40 women who accused Hollywood director and writer James Toback of sexual abuse and other crimes over four decades have been ordered to pay $1.68 billion in damages. A New York jury found Toback guilty on Wednesday (9 April) of abusing his power in the film industry to sexually assault women between 1979 and 2014. Toback was one of the first people to be accused of sexual assault during the #MeToo scandal in 2017. The jury’s decision marks the largest jury award since the advent of the #MeToo movement, as well as in New York state history.

 In an interview, Nix Patterson LLP attorney Brad Beckworth stated that the plaintiffs believe a verdict of this magnitude will convey a message to powerful individuals "who don't treat women appropriately." The decision is based on a lawsuit that was filed in Manhattan in 2022. In that year, New York state made it possible for people to sue for sexual assault within a year, even if it happened decades ago. As of Wednesday night, the verdict documentation had not yet been made available by the court. According to Beckworth, the verdict awarded the plaintiffs $280 million in compensatory damages and $1.4 billion in punitive damages. “This verdict is about justice,” Beckworth said in a statement.  "But more importantly, it's about taking power back from the abusers—as well as their and their enablers—and returning it to those he tried to control and silence," the author states. "Any sexual encounter or contact between Plaintiffs and Defendant was consensual," said Toback, who had previously represented himself. Additionally, he argued that the New York law that extended the statute of limitations for cases of sexual abuse infringed on his constitutional rights. The 80-year-old was nominated for an Oscar for writing Bugsy, starring Warren Beatty in 1991. He has worked in Hollywood for over 40 years. Accusations that he engaged in years of sexual abuse surfaced in late 2017, first reported by the Los Angeles Times just two weeks after the New York Times published a history of harassment claims against Harvey Weinstein, who in 2020 was sentenced to 23 years in prison for rape and sexual assault charges.

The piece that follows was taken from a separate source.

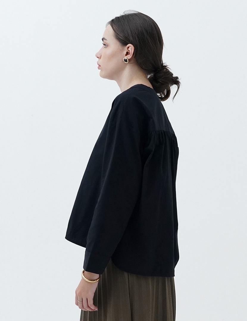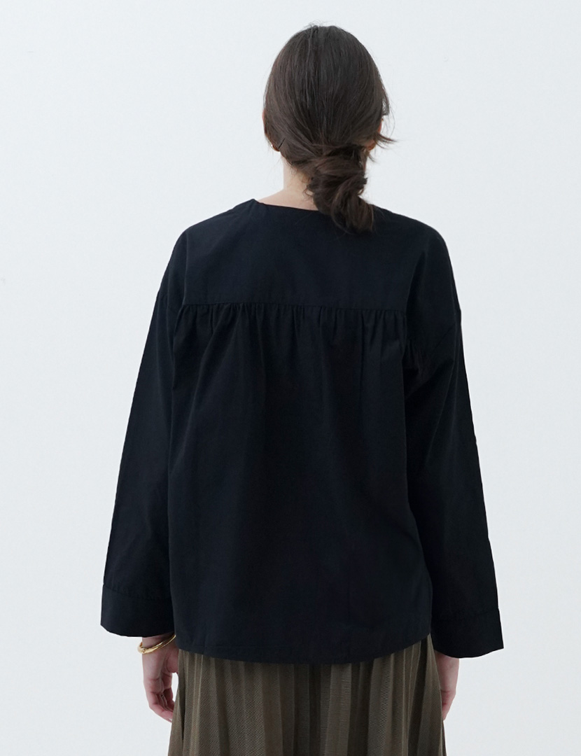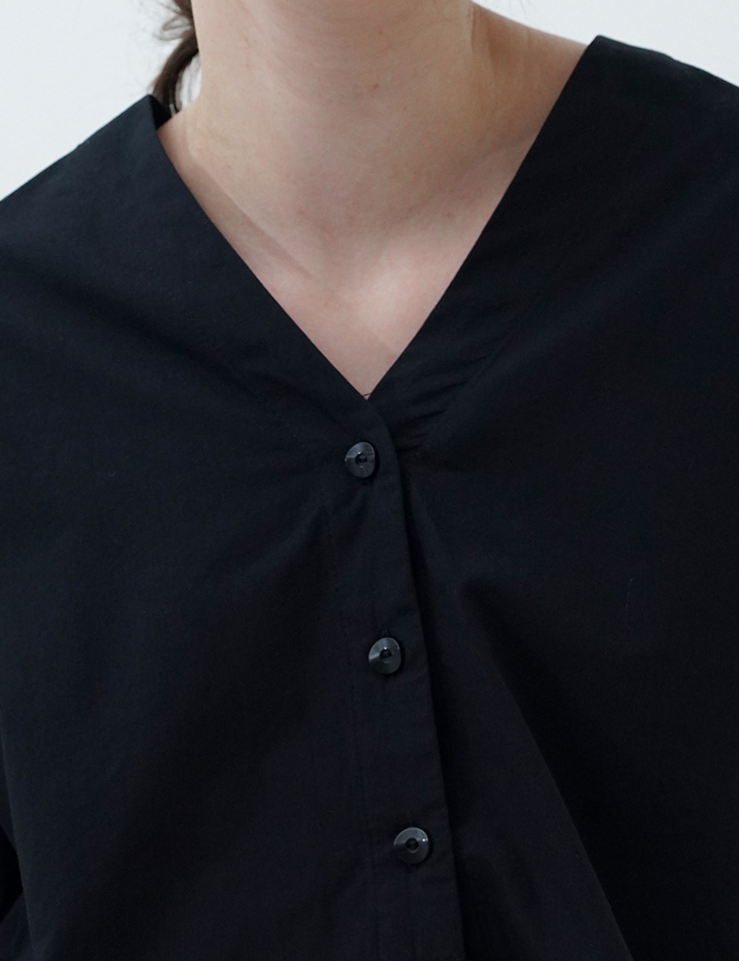 Blouse with a v-collar and long sleeves, button-up front.

 In five cases involving Toback that they reviewed in 2018, Los Angeles prosecutors stated that the statutes of limitations had run out and decided not to bring criminal charges against him. A few days after the state's Adult Survivors Act went into effect, the plaintiffs then filed a lawsuit in New York. The lawyers said they discovered a pattern of Toback attempting to lure young women on the streets of New York into meeting him by falsely promising roles in his films and then subjecting them to sexual acts, threats and psychological coercion.

 The case's lead plaintiff, Mary Monahan, described the verdict as "validation" for her and the other women. “For decades, I carried this trauma in silence, and today, a jury believed me.  trusted us. That fundamentally alters everything," she stated in a statement. This verdict is more than just a number; it is a statement. We cannot be thrown away. We are not dishonest. We are not collateral damage in someone else’s power trip.  The world knows now what we’ve always known: what he did was real.”

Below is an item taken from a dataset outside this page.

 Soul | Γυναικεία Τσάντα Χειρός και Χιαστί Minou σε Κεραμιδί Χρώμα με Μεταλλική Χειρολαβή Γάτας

 Another plaintiff, Karen Sklaire Watson, stated that the verdict will make New York safer for women. “We’re drawing a line in the sand: Predators cannot hide behind fame, money, or power,” she said in a statement.  "Not here. Not any longer. A request for comment sent by AP to an email address listed for him was not immediately answered.

 In January, the judge in the case entered a default judgment against Toback, who had failed to appear in court when ordered to do so.  The judge then set up a trial for just damages last month to find out how much Toback owed the women.